The subsequent section is adapted from the Wikidata Query Service code provided for querying in Python. *get_results* performs a query to the Wikidata endpoint, while *search_item* queries to check if there's any item with a certain label and which has as class/subclass a certain item.

In [6]:
import sys
from SPARQLWrapper import SPARQLWrapper, JSON

endpoint_url = "https://query.wikidata.org/sparql"

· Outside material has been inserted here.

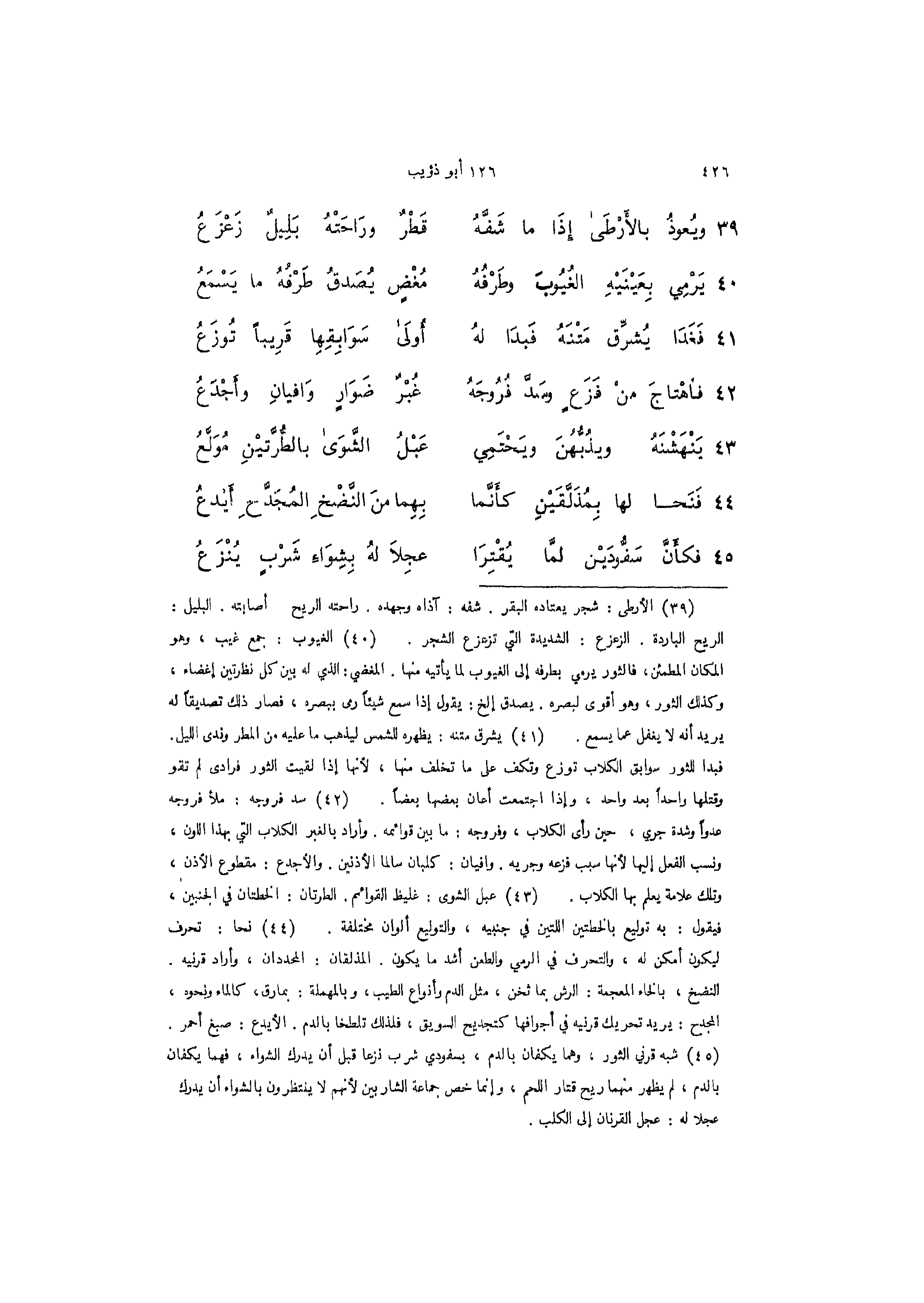 45 - (فكأَنَّ سَفُّودَيْن لمَّا يُقْتِرَا ... عجِلاَ لهُ بِشِوَاءِ شَرْبٍ يُنْزَعُ)

def get_results(endpoint_url, query):
    user_agent = "WDQS-example Python/%s.%s" % (sys.version_info[0], sys.version_info[1])
    # TODO adjust user agent; see https://w.wiki/CX6
    sparql = SPARQLWrapper(endpoint_url, agent=user_agent)
    sparql.setQuery(query)
    sparql.setReturnFormat(JSON)
    return sparql.query().convert()


def search_item(label, superclass):
  if superclass == "Literal":
    return [{"item": {"value": "Literal"}}]
  print(f"Running query with label {label} and superclass {superclass}")
  query = "SELECT DISTINCT ?item ?itemLabel WHERE { "
  query += f"?item rdfs:label \"{label}\"@en ."
  query += f"?item wdt:P31/wdt:P279* wd:{superclass} ."
  query += "SERVICE wikibase:label { bd:serviceParam wikibase:language \"[AUTO_LANGUAGE],en,da,es,fr,jp,nl,no,ru,sv,zh\". } }"
  results = get_results(endpoint_url, query)
  return results["results"]["bindings"]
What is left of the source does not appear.